HPLC chromatograms of carotenoid extracts from corolla tubes of XES-OX and WT plants. Saponified and non-saponified carotenoid extracts from 0.025 g fresh weight of tubes were analyzed by HPLC. Peaks: (1) (all-E)-neoxanthin; (2) (all-E)-violaxanthin; (3) (9′Z)-neoxanthin; (4) (9Z)-violaxanthin; (5) unknown xanthophyll; (6) (all-E)-lutein; (7) (all-E)-antheraxanthin + (all-E)-zeaxanthin; (8) (all-E)-β-cryptoxanthin; (9) (all-E)-β-carotene; Chla, chlorophyll a; Chlb, chlorophyll b. Asterisks shows peaks of esterified xanthophylls. Y-axis indicates milli-absorbance units (mAU).

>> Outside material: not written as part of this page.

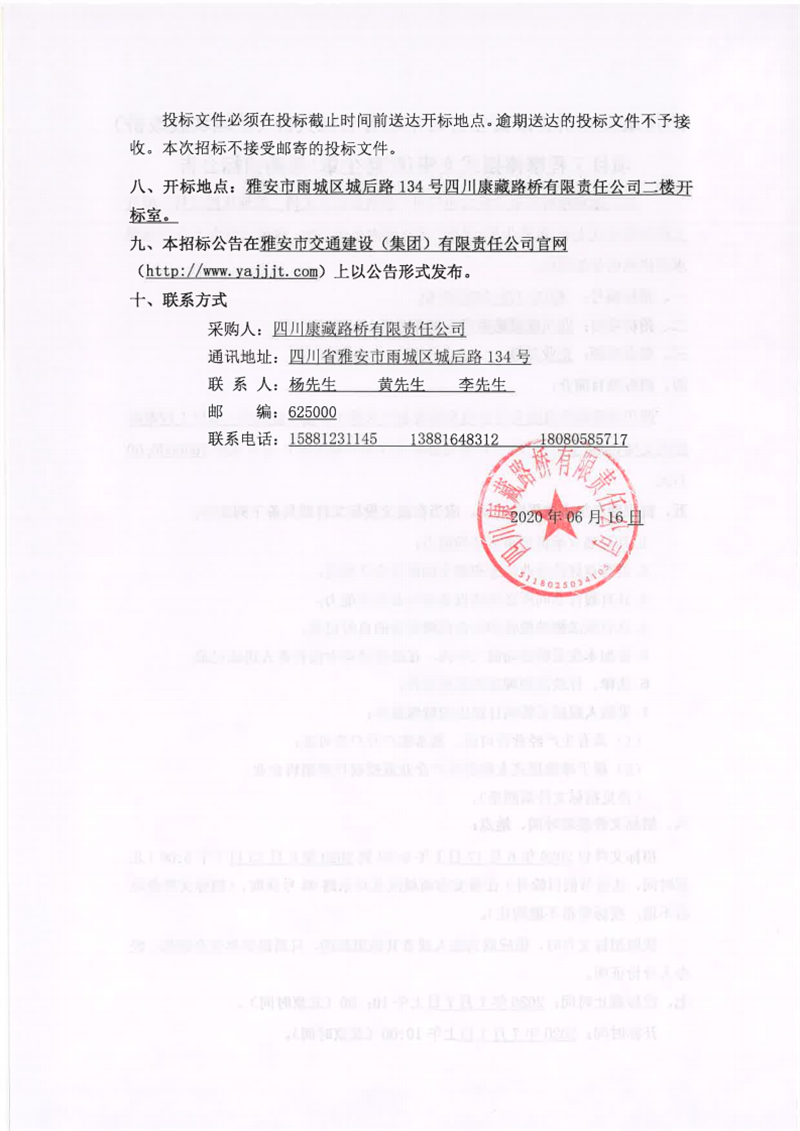 四川康藏路橋有限責任公司寶興分公司省道432線雅安段擴建工程K19新建拌合站施工勞務(wù)磋商公告(第二次)

We tested the relationship between esterification percentage and total carotenoid content by Pearson’s correlation analysis (Fig. S3). There was a weak positive correlation between esterification percentage and total carotenoid content in all limb and tube samples (r = 0.396, p = 0.030; WT was included in all analyses). The trends differed between IoXES-OX and SlXES-OX/TeXES plants. In SlXES-OX and TeXES-OX plants, there was a strong positive correlation between esterification percentage and total carotenoid content (SlXES-OX: r = 0.829, p < 0.001; TeXES-OX: r = 0.911, p < 0.001). In IoXES-OX plants, there was a moderately positive correlation between esterification percentage and total carotenoid content in all samples (r = 0.459, p = 0.182).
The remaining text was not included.